A subsequence of a sequence is a sequence which is obtained by deleting zero or more elements from the sequence.
You are given a sequence A in which every element is a pair of integers i.e A = [(a1, w1), (a2, w2),..., (aN, wN)].
For a subseqence B = [(b1, v1), (b2, v2), ...., (bM, vM)] of the given sequence :
- We call it increasing if for every i (1 <= i < M ) , bi < bi+1.
- Weight(B) = v1 + v2 + ... + vM.
Task:
Given a sequence, output the maximum weight formed by an increasing subsequence.
Input:
The first line of input contains a single integer T. T test-cases follow. The first line of each test-case contains an integer N. The next line contains a1, a2 ,... , aN separated by a single space. The next line contains w1, w2, ..., wN separated by a single space.
Output:
For each test-case output a single integer: The maximum weight of increasing subsequences of the given sequence.
Constraints:
1 <= T <= 5
1 <= N <= 150000
1 <= ai <= 109, where i ∈ [1..N]
1 <= wi <= 109, where i ∈ [1..N]
Sample Input:
2
4
1 2 3 4
10 20 30 40
8
1 2 3 4 1 2 3 4
10 20 30 40 15 15 15 50
Sample Output:
100
110
Explanation:
In the first sequence, the maximum size increasing subsequence is 4, and there's only one of them.
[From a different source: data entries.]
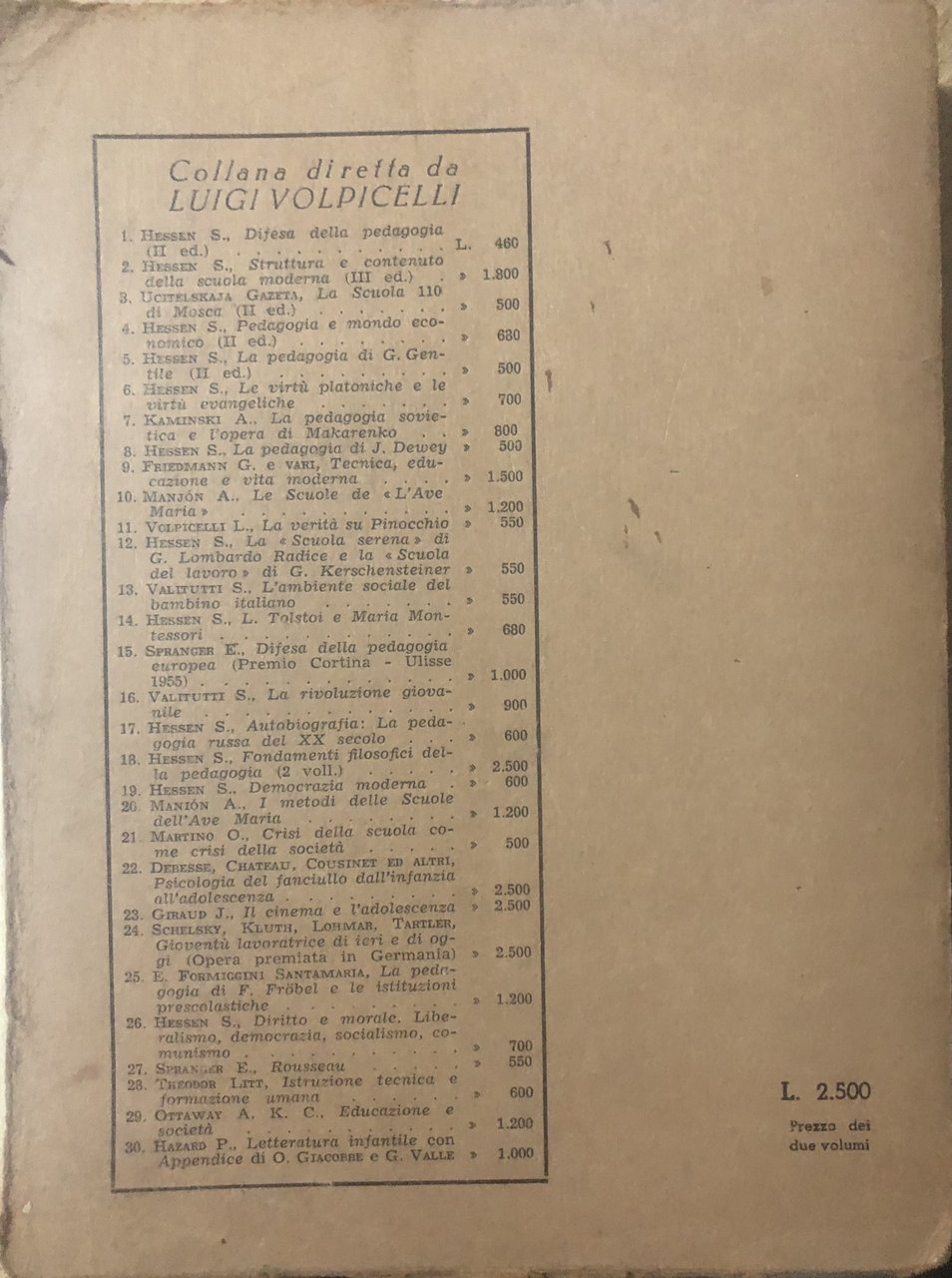 Libro usurato dal tempo. Brossura editoriale deteriorata. Prima ristampa. I problemi della pedagogia. Scritte a penna. Rare sottolineature flessibile 289 Mediocre (Poor) .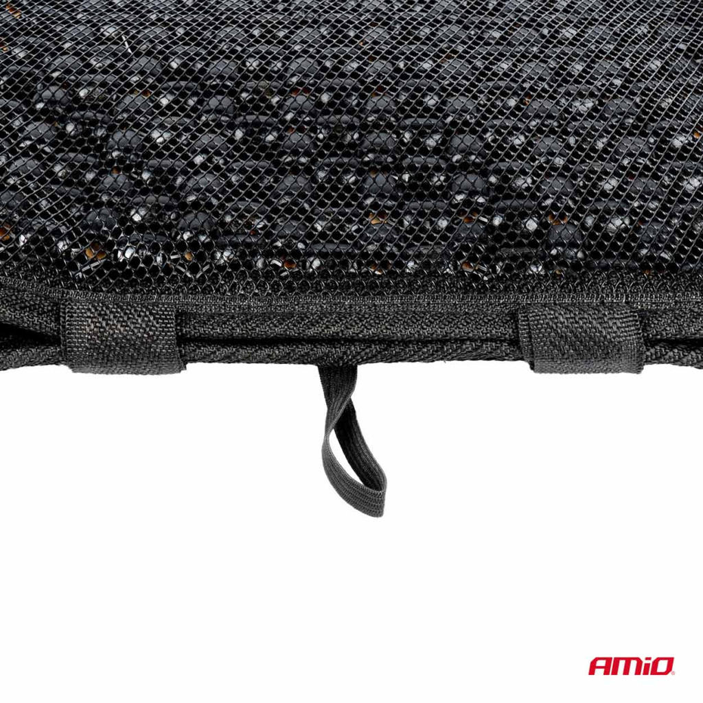 Bársonnyal díszített golyós üléshuzat. A gyöngyök masszázs hatást biztosítanak, megszüntetik a fáradtságot és kényelmessé teszik a hosszú távú ülést.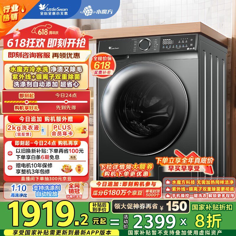 小天鹅水魔方滚筒洗衣机10kg大容量促销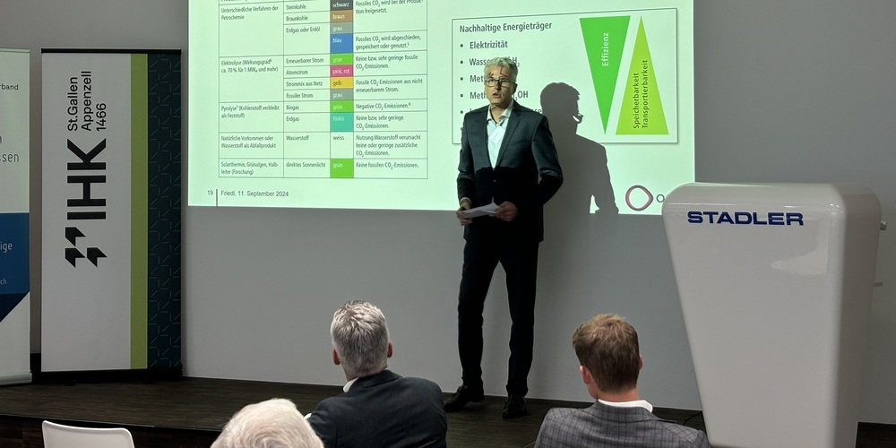 «Mehr als zwei Drittel des nationalen Energieverbrauchs sind fossil», eröffnet Markus Bänziger, Direktor der IHK St.Gallen-Appenzell, den Abend. «Es ist unser Anspruch, dass wir jetzt von den fossilen Ressourcen wegkommen. Denn diese sind endlich und laufen irgendwann aus.» Früher sei es noch normal gewesen, Benzin in der Apotheke zu kaufen – heute haben sich die Ansprüche geändert. «Interessant ist, dass die Wirtschaft nur einen Drittel des Energieverbrauchs verzeichnet.»

We choose B = [(1, 10), (2, 20), (3, 30), (4, 40)], and we have Weight(B) = 100.
In the second sequence, the maximum size increasing subsequence is still 4, but there are now 5 possible subsequences:
1 2 3 4
10 20 30 40
1 2 3 4
10 20 30 50
1 2 3 4
10 20 15 50
1 2 3 4
10 15 15 50
1 2 3 4
15 15 15 50
Of those, the one with the greatest weight is B = [(1, 10), (2, 20), (3, 30), (4, 50)], with Weight(B) = 110.
Please note that this is not the maximum weight generated from picking the highest value element of each index. That value, 115, comes from [(1, 15), (2, 20), (3, 30), (4, 50)], which is not a valid subsequence because it cannot be created by only deleting elements in the original sequence.